* [REQUIRED WORK] Write out the data below exactly as given, without any of its pictures.

* [SOURCE MATERIAL]
##############################

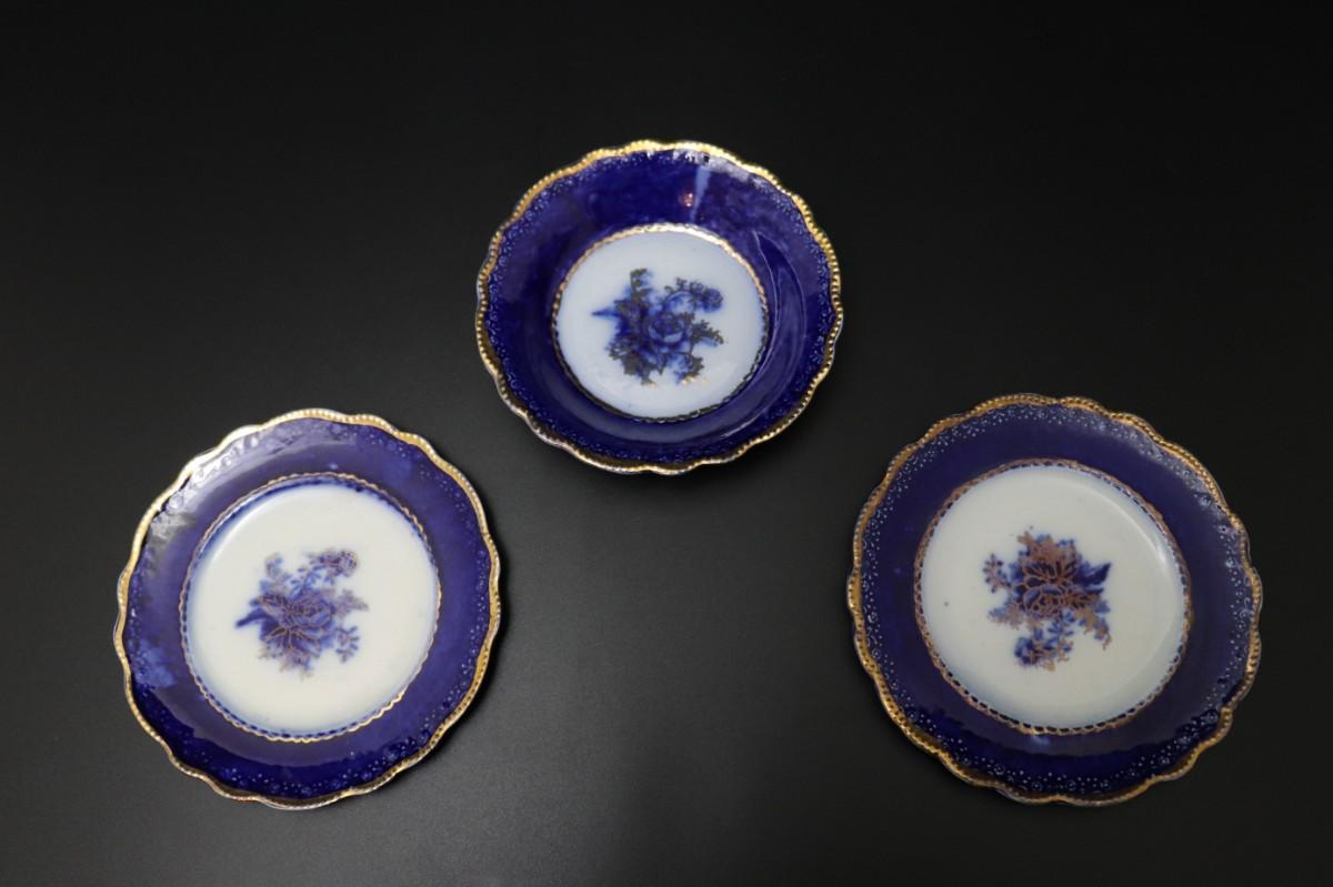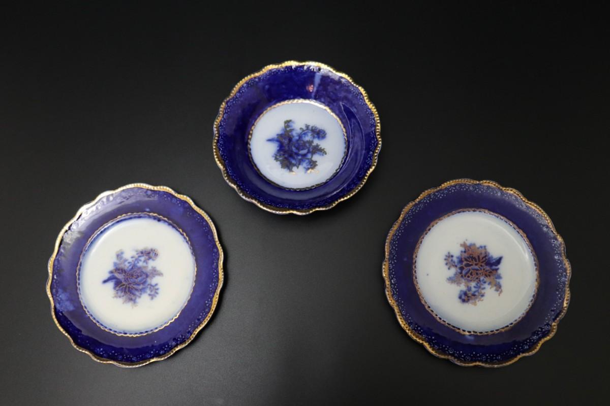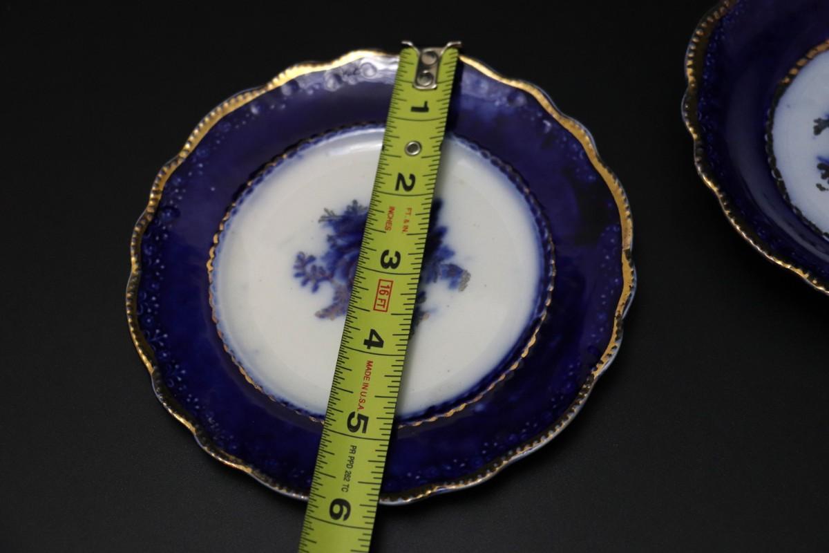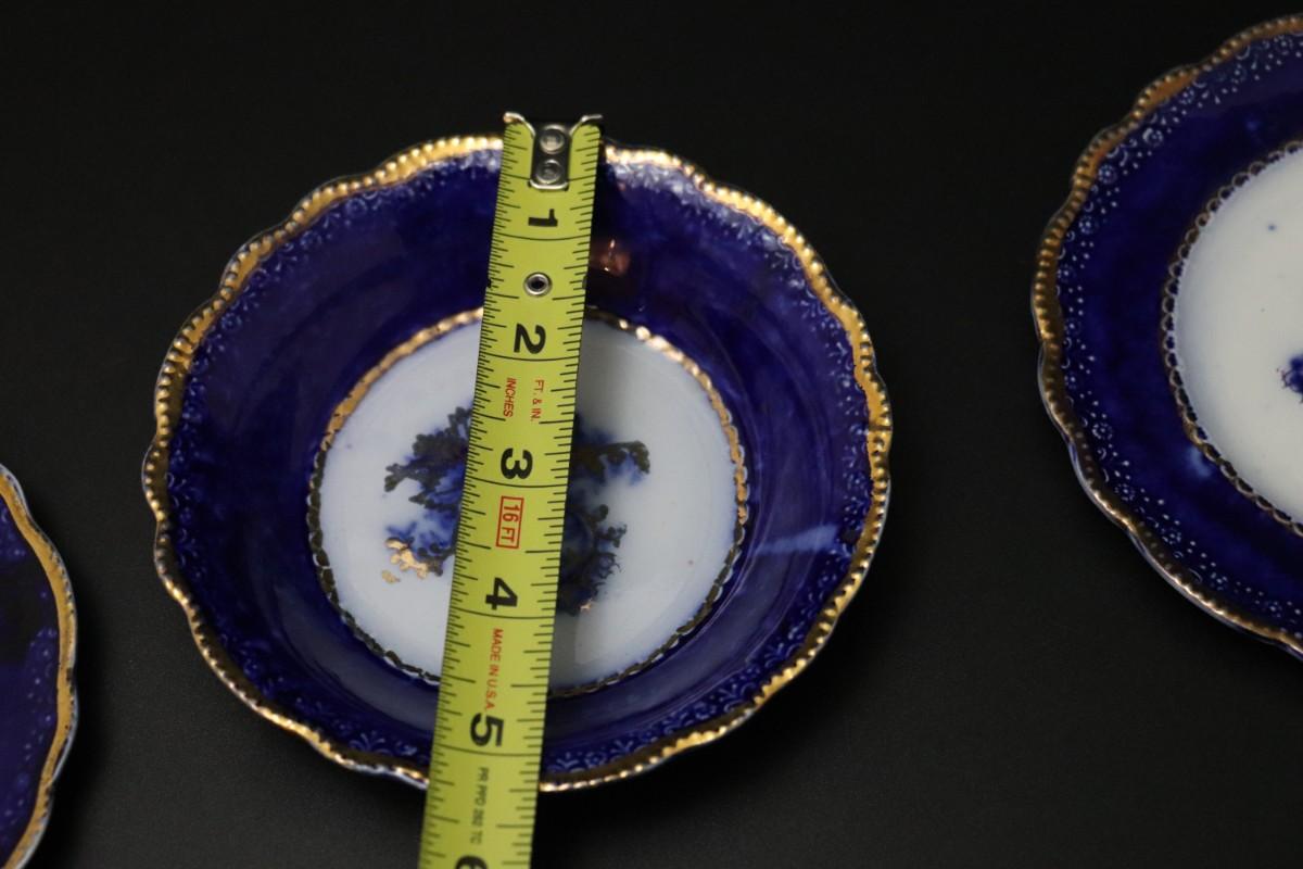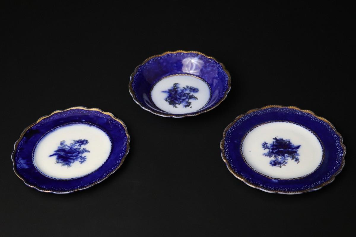 Lot of 3 (2 dessert plates and 1 bowl) of Blue Flow and Gold China. Stamp associated to Arthur J Wilkinson for Royal Staffordshire Pottery Burslem England circa 1907. Good condition; no visible cracks or chips. Please review images carefully and reach out with any questions.
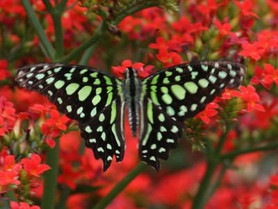 綠斑鳳蝶(學名:Graphium agamemnon) : 科名:鳳蝶科。 特徵:翅膀表面黑色,上面布滿草綠色斑紋,翅膀腹面呈淡紫紅色光澤,散生綠色的斑紋。 習性:本種分布於平地至低海拔山區,以...
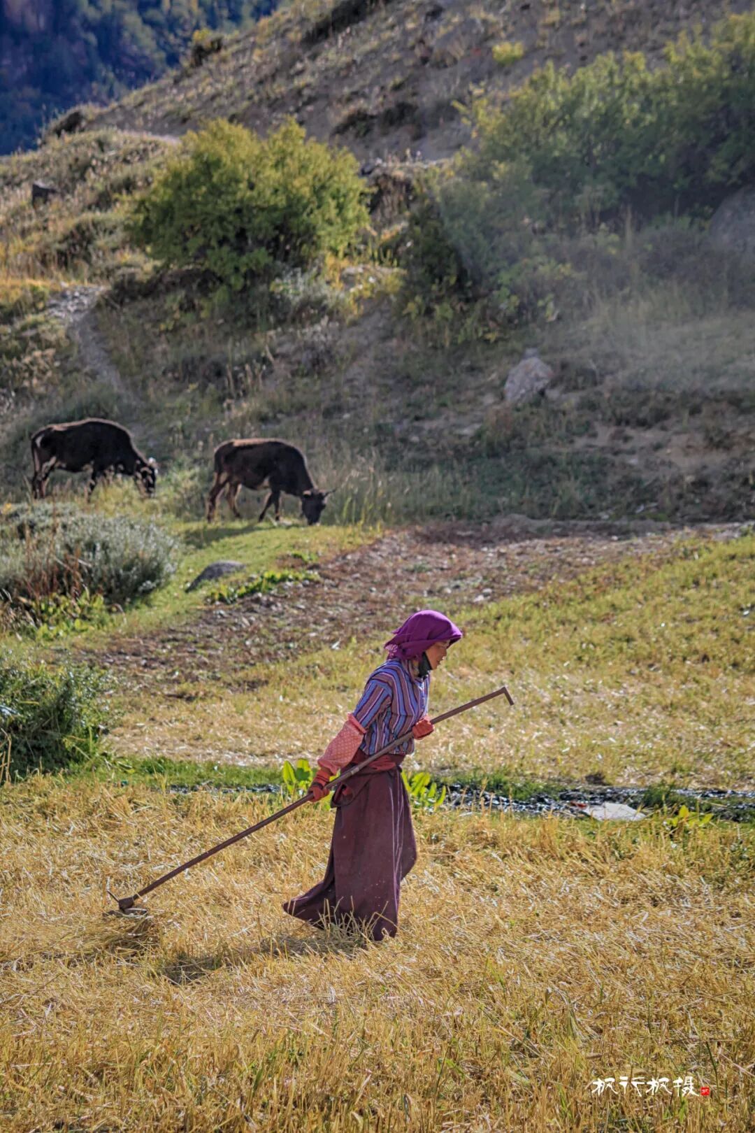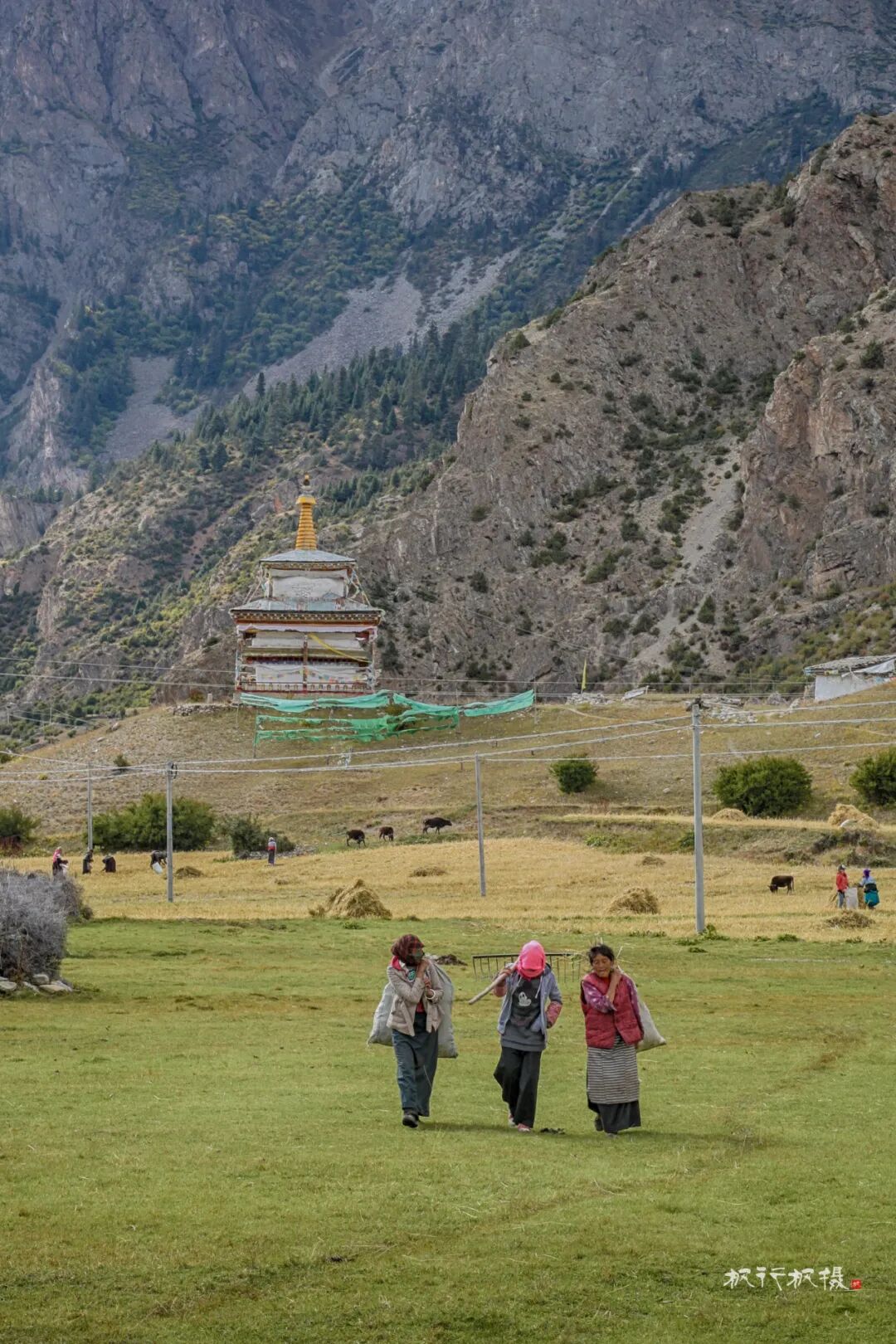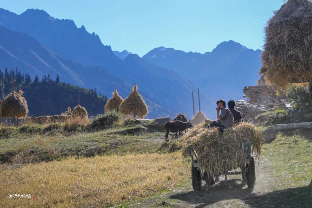 田野上是忙着收割的人们,拖拉机满载着收割的青稞在田野和村庄间穿梭,拖拉机也满载着她们秋天的喜悦。
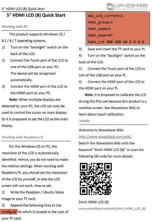 In der Anleitung steht, dass man die SD Karte wieder auf dem PC öffnen muss und die Datei config.txt anpassen muss, damit die der Raspberry Pi auf dem HDMI Ausgang die richtige Auflösung ausgibt.

##############################

* [EXERCISE ANSWER]
 Lot of 3 (2 dessert plates and 1 bowl) of Blue Flow and Gold China. Stamp associated to Arthur J Wilkinson for Royal Staffordshire Pottery Burslem England circa 1907. Good condition; no visible cracks or chips. Please review images carefully and reach out with any questions.
 綠斑鳳蝶(學名:Graphium agamemnon) : 科名:鳳蝶科。 特徵:翅膀表面黑色,上面布滿草綠色斑紋,翅膀腹面呈淡紫紅色光澤,散生綠色的斑紋。 習性:本種分布於平地至低海拔山區,以...
 田野上是忙着收割的人们,拖拉机满载着收割的青稞在田野和村庄间穿梭,拖拉机也满载着她们秋天的喜悦。
 In der Anleitung steht, dass man die SD Karte wieder auf dem PC öffnen muss und die Datei config.txt anpassen muss, damit die der Raspberry Pi auf dem HDMI Ausgang die richtige Auflösung ausgibt.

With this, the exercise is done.